Il tente de garder son allure digne et élégante. Essaie de conserver le visage avenant. Mais la réponse lui reste visiblement en travers de la gorge. C'est tellement visible que Tanya, après avoir tenté plusieurs sourires pour le dérider, tire la bague du velours et se la met au doigt.

– Voilà. Tu es content ?

– Mouais...

Non. Il n'est pas content. Cela se voit comme le nez au milieu de la figure. Pour coucher avec elle, il devra d'abord lui passer non une bague de fiançailles mais une alliance, et il sait aussi bien qu'elle que convaincre leurs deux familles sera un parcours du combattant. Elle hésite. Se demande si elle a raison de le faire patienter. Oui. Non. Oui. Pas question. Ce sera encore non, elle n'en démordra pas.

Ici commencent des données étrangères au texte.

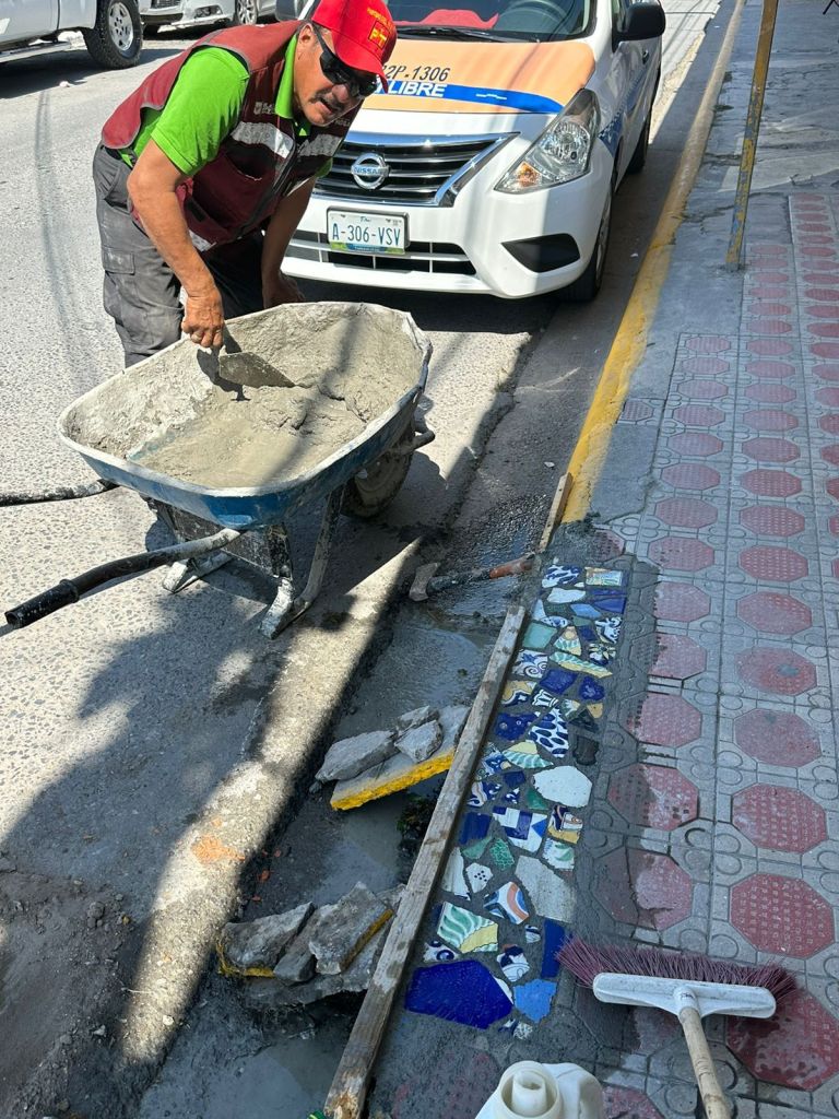 Esta labor enfocada mantener y mejorar la infraestructura de la ciudad es aplicada en todos los sectores de nuestra ciudad, incluyendo la limpieza, y la intervención de banquetas que han sido fragmentadas por lo que se aprovecha añadir detalles estéticos a esos tramos.

Il se lève. Passe derrière la chaise de Tanya. Se penche pour l'embrasser. La regarde bien en face, pour lui faire contempler ses yeux gris et bridés toujours plus expressifs que l'ensemble de sa personne. Ils ont un éclat de malice à la fois coquine et démoniaque. Style gamin capricieux.

– Si je demande à te voir nue, tu vas m'envoyer la bague à la figure... mais je ne serais pas fâché non plus de faire connaissance avec ton pyjama, tu sais.

– Oh ! Tu n'as pas honte ?

– Pas du tout.

Une femme à la jupe trop courte et au corsage trop échancré passe près de leur table avec un homme dont la veste laisse entrevoir un pistolaser. Ostensiblement, Patrick la suit des yeux. Tanya comprend bien ce qu'il veut dire. Si elle continue, il ira voir ailleurs.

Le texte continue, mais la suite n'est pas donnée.